▸ **RECORDS SUPPLIED**

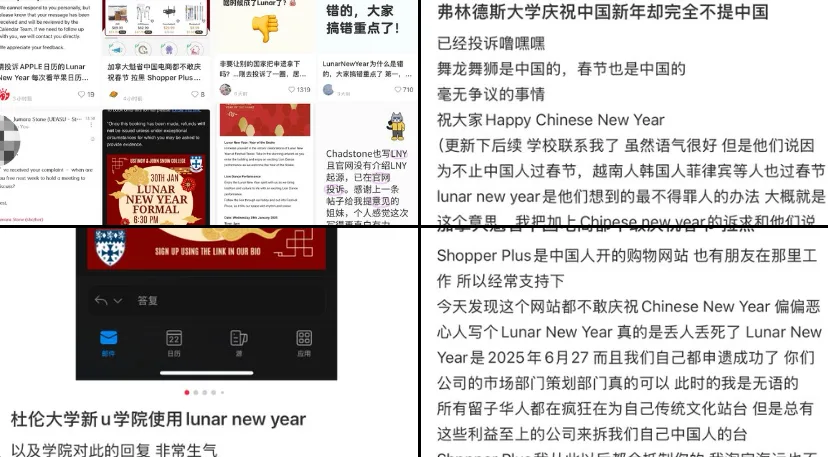 唐人日报1月29日讯:近日,一些中国留学生针对海外学校、网站、超市等在庆祝春节时使用“Lunar New Year”而提出投诉,指责这一用词涉嫌文化歧视和挪用。尤其在英国杜伦大学,一名留学生组织了上百名支持者,联名控诉学校使用“Lunar New Year”庆祝春节。
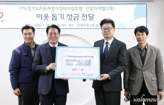 어웨이크뉴스 오경하 기자 | 안양시는 28일 오후 4시 50분에 시청 3층 접견실에서 (사)경기도자동차검사정비사업조합 안양지역협의회가 설 명절을 앞두고 지역 내 어려운 이웃을 위해 사용해 달라며 성금 300만원을 기탁했다고 29일 밝혔다.
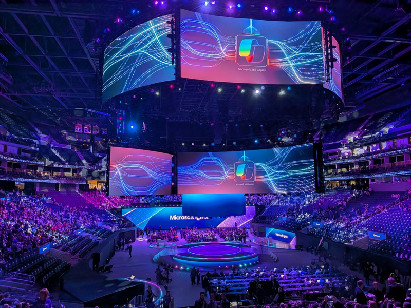 冒頭の基調講演では、業務文脈理解と高度な推論を実現するWork IQやMicrosoft 365 Copilotの進化、企業内AIエージェントの一元管理を実現するAgent 365をはじめさまざまな革新的発表がありました。当日の各発表は、円形の会場の周りに配置された舞台を活用した動きのある演出でした。
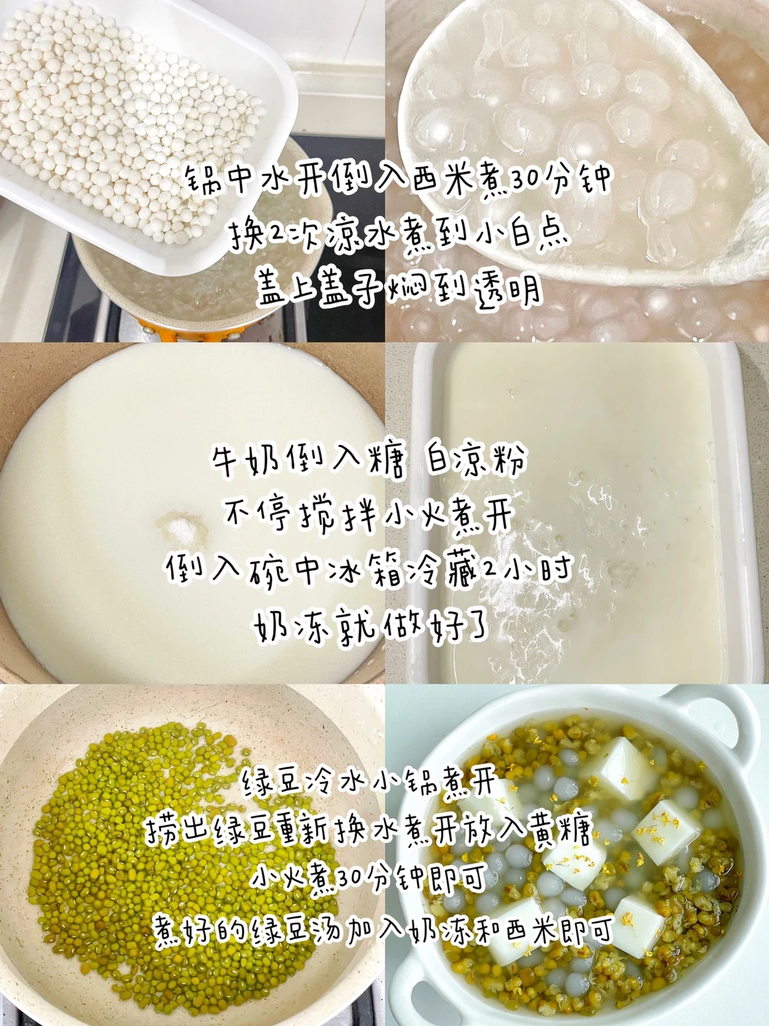 绿豆奶冻西米露:绿豆沙+西米+奶冻
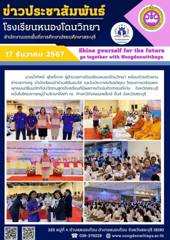 วันที่ 17 ธันวาคม 2567 นางน้ำทิพย์ สุโพธิ์ภาค ผู้อำนวยการโรงเรียนหนองโดนวิทยา พร้อมด้วยตัวแทนข้าราชการครู นำนักเรียนเข้าร่วมพิธีมอบโล่ และใบประกาศเกียรติคุณ โครงการเจริญพระพุทธมนต์ธัมมจักกัปปวัตตนสูตรโรงเรียนที่มีผลการดำเนินกิจกรรมดีเด่น จังหวัดสระบุรี หน

▸ **WORK TASK**
The lines from the one containing "绿豆奶冻西米露:绿豆沙+西米+奶冻" through the last line above are to be repeated exactly, and only those. Any pictures must be left out.

▸ **RESULT OF THE EXERCISE**
 绿豆奶冻西米露:绿豆沙+西米+奶冻
 วันที่ 17 ธันวาคม 2567 นางน้ำทิพย์ สุโพธิ์ภาค ผู้อำนวยการโรงเรียนหนองโดนวิทยา พร้อมด้วยตัวแทนข้าราชการครู นำนักเรียนเข้าร่วมพิธีมอบโล่ และใบประกาศเกียรติคุณ โครงการเจริญพระพุทธมนต์ธัมมจักกัปปวัตตนสูตรโรงเรียนที่มีผลการดำเนินกิจกรรมดีเด่น จังหวัดสระบุรี หน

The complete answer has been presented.